The Article’s Appeal to Pathos
Pathos directly appeals to the audience’s emotions and feelings; writers and speakers use it to make their articles and speeches more fulfilled, enriching them by emotions. Deresiewicz uses it when comparing the Ivy League schools, such as Yale, and other universities. He provides the example of Cleveland State, where he had a friend studying. The author highlights the differences between studying processes in those two universities: while at Yale, students are forgiven for many faults, even such as threatening with bodily harm, at Cleveland State, his friend obtained a D grade just for late submission of her work (Deresiewicz). While in the regular universities, students are prepared to take their place in the bureaucratic system, in prestigious ones such as Yale, students are prepared to be the leaders of society. Such differences are obviously unjust and evoke emotions heavily: the reader remembers the whole article better under them.

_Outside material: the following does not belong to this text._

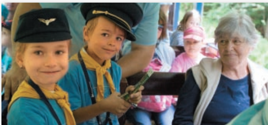
Návrat malých „železničiarov“ do čermeľského údolia je jedným z prvých krokov občianskeho združenia Detská železnica Košice.

Magazín priateľov a cestujúcich Košickej detskej historickej železnice

The Article’s Appeal to Logos
Logos is the formation of noncontradictory logical arguments and supporting them by credible facts and statistics. The author establishes his logos when arguing whether a prestigious higher education is only beneficial or has flaws. While, at the beginning of the article, he admits that such education has obvious benefits, such as perspectives to be rich, it has many disadvantages, perhaps less obvious. The article is rich in examples: the example with Cleveland State is one of them. Others are examples of students who were passionate about their ideas when they were enrolled in prestigious universities but admitted then that “it is hard to build your soul when everyone around you is trying to sell theirs.” (Deresiewicz). By comparing different types of intellect, specifically social, analytical, and emotional, the author shows that universities trains only analytical intellect and, thus, do not contribute to the sustainable development of the personality. Thus, the author supports his claim by providing examples of different cases, citations of those enrolled in elite universities, and reflections about various types of intellect.
Conclusion
“The Disadvantages of an Elite Education” argues that, despite its apparent advantages, it does not help personal development and does not show how to understand the world better. The author has experience as a student and an employee of elite universities, making his thoughts about elite education persuasive. Deresiewicz describes his reflections clearly and concisely and strengthens them by examples. Those examples are vivid and evoke emotions in readers, bringing them to understanding the author’s point of view and prompting to believe in it. In my opinion, the article is convincing: the author successfully shows that elite education is not only beneficial, as it is usually presented.
Work Cited
Deresiewicz, William. “The Disadvantages of an Elite Education.” The American Scholar, 2008, Web.